Назвались и они. Стояли перед ним в светлых льняных рубахах с узкими поясами, в студенческих фуражках, но тут же Котя потрепал свою и громко объявил:

— Всё! Последний денёк! Завтра в армию уходим. Добровольно!

Это не хвастовство у него было, а всегда так: пело внутри и пело вслух, широкое скуластое лицо сияло торжеством, и руки сами разбрасывались показать широту жизни.

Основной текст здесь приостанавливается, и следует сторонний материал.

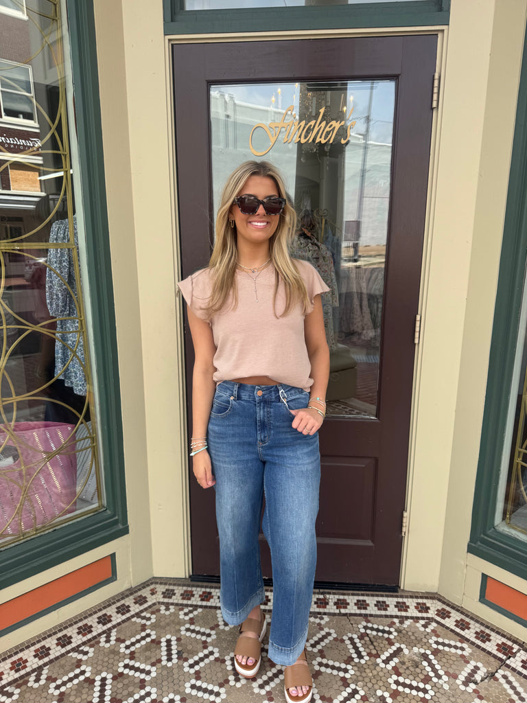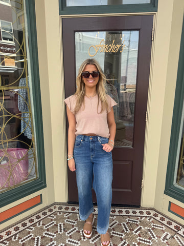 Audrey wide leg jeans in lagoon medium wash offers a contemporary fit with a flattering high rise, designed to elevate fashion with a modern edge & tonal washed hem. Crafted from a soft blend of 98% cotton and 2% spandex, these versatile outfits provide a comfortable option for women who value both style and ease. The stylish raw cut hem and cropped inseam add a chic, relaxed finish, making these jeans perfect for any casual or dressy occasion.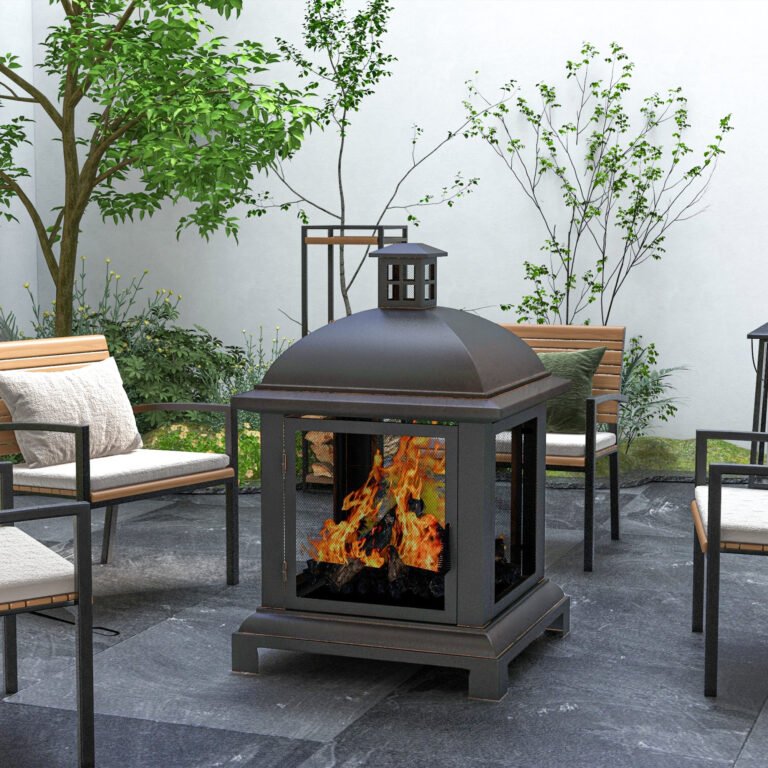 Outsunny Chimney Style Wood-Burning Fire Pit with Poker, 26″x26″, Elegant Black – Perfect for Cozy Evenings | Aosom Canada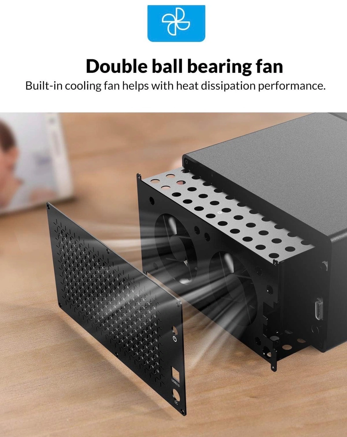 GOOD HEAT DISSIPATION PERFORMANCE -- Two 92mm cooling fans built in the 8 bay drive enclosure with honeycomb dissipation holes can helps the accelerated by the flowing wind.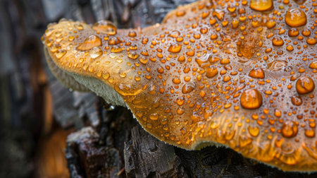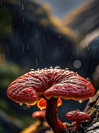 Isolated Reishi mushroom growing from tree bark with morning dew and natural light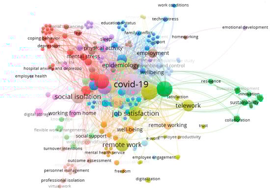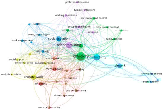 To map the thematic structure of the field, a keyword co-occurrence analysis was conducted. A total of 488 words were identified and grouped into 22 clusters. The most frequently occurring terms were COVID-19, teleworking, social isolation, mental health, job satisfaction, and productivity. As shown in Figure 5, these terms are visualized as larger nodes, indicating higher frequency and stronger interconnections.

И Павел Иванович Варсонофьев дал немного раздвинуться кругло подстриженной крепкой щётке седоватой бороды и седоватым, косо растущим крепким усам. Это была очевидно улыбка, хотя губ не видно почти:

— Вот как? — Посмотрел внимательней на одного, на другого. — Хм-м-м. — Его голос, тоже из пещерной глубины, с гулком выходил. Ещё присматривался. — И вы не боитесь, что коллеги вас обзовут патриотами?

Так-кы... — подыскивал Саня оправдательно, — назовут, конечно. Но в известном смысле это так и есть...

— А почему нельзя быть патриотами?! — грозно, громко, наливисто спросил Котя. — Ведь не мы напали, на нас! На Сербию напали!

Изучающе смотрел на них старик, лоб наклоня.

— Да как будто так. Однако слово “патриот” до последних недель значило у нас почти “черносотенец”, вот я почему.

— А как вы считаете? — напёр на него Котя. — Правильно мы поступаем? Или нет?

Вот был случай! — не обидно для друга, ещё раз проверить для себя. Этот старикан мог что-то веское отпустить.

Поднял одну бровь Варсонофьев:

— Правильность или неправильность можно оценить, только исходя из ваших убеждений. — И с искоркой в темно-уставленных глазах: — Вы, вероятно, — социалистических?

Саня застенчиво покачал головой.

Котя сожалительно громко чмокнул.

— Как?! Нет?.. Ну тогда, надеюсь, — анархических?

Нет, не было от мальчиков согласного кивка.

А заметили они, что старик как бы не посмеивался. То есть на его ужасно серьёзном лице усмешка была непредставима, да и раздвижка губ между сошедшимися усами и бородой замечалась мало, а вот — лёгкий такой блеск нашёл на глаза.

— Я, например, гегельянец! — твёрдо, ответственно заявил Котя старику. У него очень решительная была манера выражаться, подбородок выпяченный и челюсти крепкие.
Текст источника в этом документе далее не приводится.